Four American presidents have died by assassination, the last when I was six years old. John F. Kennedy, who suffered a devastating head wound, was likely dead on arrival at Parkland Hospital. Nearly a century before, the first, Abraham Lincoln, was also shot in the head, but survived overnight. In 1901, William McKinley took bullets to the abdomen, and lived just slightly longer than a week, with hopes for his recovery rising and falling. But in 1881, James A. Garfield, shot in the back, lingered on the precipice of death—incapacitated and in excruciating pain—for an astonishing seventy-nine days before the end! When it was finally over, he had been president for only just a bit longer than six months, and nearly half of that time he spent very slowly dying. In the meantime, the entire nation, nearly paralyzed, watched and waited.
In Destiny of the Republic: A Tale of Madness, Medicine and the Murder of a President [2011], Candice Millard, certainly one of history’s greatest storytellers, splendidly captures the high drama of this event and its aftermath while skillfully recreating the milieu of an America—despite the brief interval in years—strikingly different than that which belonged to Lincoln or McKinley. 1880, the year Garfield was elected, was only fifteen years removed from Appomattox, but a time traveler from Wilmer McLean’s parlor would be astonished to find an entirely different version of this United States, marked by rapid economic expansion and the outsize wealth creation that characterized the Gilded Age—fueled by opportunity, ambition, and the technological advances of the Second Industrial Revolution. And it sat perched on the edge of even more wonders to come, the very dawn of the age of the great inventions that would so thoroughly transform American life over just three decades, with the incandescent bulb and widespread electrification, the phonograph, motion pictures, the automobile, and even manned flight!
But the first of these marvels—the telephone, which truly revolutionized communications—was becoming increasingly common. Patented in 1876, one was installed in the White House in 1879. (We can only imagine how eagerly Lincoln—who leaned so heavily on the telegraph for news of battlefield results—would have adopted this innovation and relied on it to talk strategy with McClellan, Meade, or Grant.) By 1880 there already almost 48,000 telephones in the United States; that number would nearly triple just a year later. Its inventor, Alexander Graham Bell, has a part in this tale.
The Republican Party wasn’t the same either. A week after Lee’s surrender, Lincoln was dead, replaced by grim Tennessean Andrew Johnson, who turned out to have far more sympathy for the rights of defeated rebels than the fates of millions of freedmen left to the sometimes vengeful “mercy” of their former masters. And Johnson had to contend with a Congress of “Radical Republicans” no longer tempered by Lincoln’s moderation. Impeachment failed, but soon Johnson was replaced by the great hero Ulysses Grant, who had the best of intentions but in the end made for a far better general than president. As time went on, Republicans cooled towards civil rights, and drifted into a rigid factionalism that saw few policy differences but was marked by an addiction to power and privilege fueled by corruption. That was the state of the party when Garfield won the White House, but to his credit in his very short tenure he took great strides towards crippling the power of the most corrupt faction in Congress, while asserting executive independence.

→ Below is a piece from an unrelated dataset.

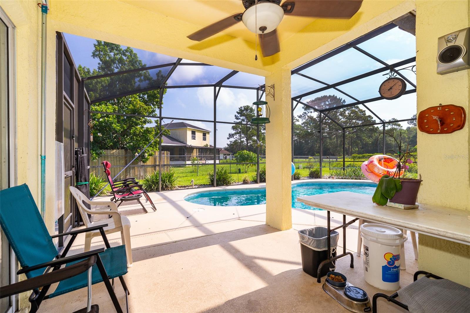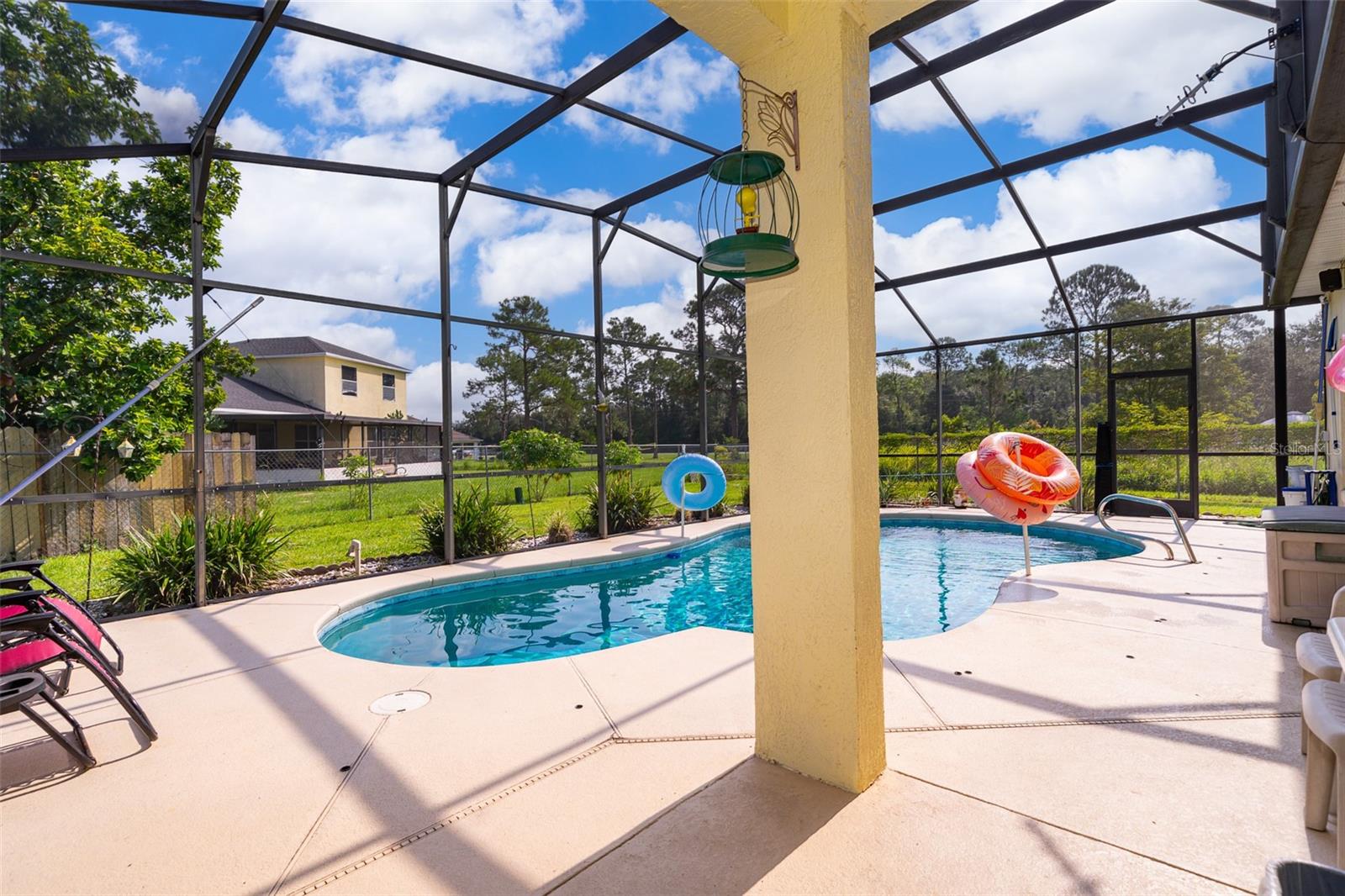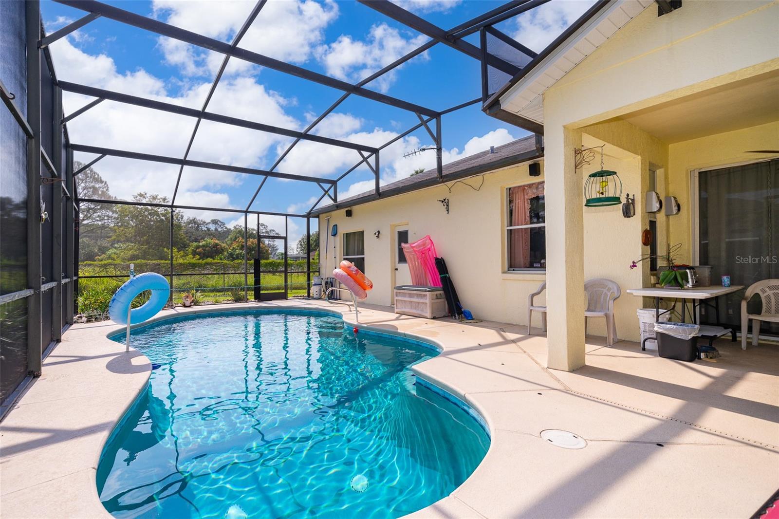 Welcome to your new home in the serene and vibrant community of Poinciana! Nestled on a quiet street with only one side neighbor, 329 Alegriano Court offers a perfect blend of comfort and privacy. This well-maintained single-family residence features 4 bedrooms and 2 bathrooms, designed with modern living in mind. As you step inside, you'll be greeted by an open-concept living area bathed in natural light, creating a warm and inviting atmosphere. The kitchen is a chef's dream, boasting stainless steel appliances, ample counter space, and plenty of cabinets, making it ideal for both everyday cooking and entertaining guests. Plus, the washer and dryer convey with the sale, adding extra convenience to your move. The master suite is a true retreat, complete with a spacious walk-in closet and an en-suite bathroom featuring dual vanities and a soaking tub, perfect for unwinding after a long day. Additional bedrooms with plenty of space for family or guests, with flexibility for a home office or hobby room. Step outside to your private backyard oasis, where a beautiful pool with a screen enclosure awaits. Whether you're enjoying a morning swim or hosting a summer barbecue, this outdoor space is perfect for year-round enjoyment. Located in the heart of Poinciana, this home is just 30 minutes away from the magic of Disney World, making it an ideal location for both everyday living and vacationing. You'll also find local parks, schools, shopping, and dining just minutes away. With easy access to major highways, commuting to nearby cities like Kissimmee or Orlando is a breeze. Whether you're a first-time homebuyer or looking for your next investment property, 329 Alegriano Court is a must-see. Don’t miss this opportunity to own a piece of Poinciana’s charm!

Garfield was a bright, amiable character, well-regarded by most, whose politics mostly chased consensus, and whose life’s trajectory bore some strange if uneven parallels to Lincoln’s. Each were born to poverty in a log cabin and were in their youths brilliant autodidacts, although unlike Lincoln, Garfield was to go on to formal education. Both had strong antislavery convictions, and during the Lincoln Administration, Garfield took the field as a major general before going on to the House of Representatives. But while prior to his presidency Lincoln had just a single term in Congress, Garfield served for nine terms, while also finding the time to practice law and publish a mathematical proof of the Pythagorean theorem! Both could be said to be “dark horse” candidates in their respective tries for the Republican Party’s nomination, but Garfield’s horse was far darker, so to speak: in 1860, Lincoln was everyone’s second choice; in 1880, Garfield was no one’s choice, not even his own, but was nevertheless nominated on the thirty-sixth ballot. Finally, in a truly odd coincidence, not only did each die by assassin, but Lincoln’s son Robert, who once sat at his father’s deathbed, happened to be walking towards Garfield when he was shot! For her part, Millard does not dwell much on Garfield’s life, nor does she need to; it is rather his long drawn out death that is the focus of Destiny of the Republic.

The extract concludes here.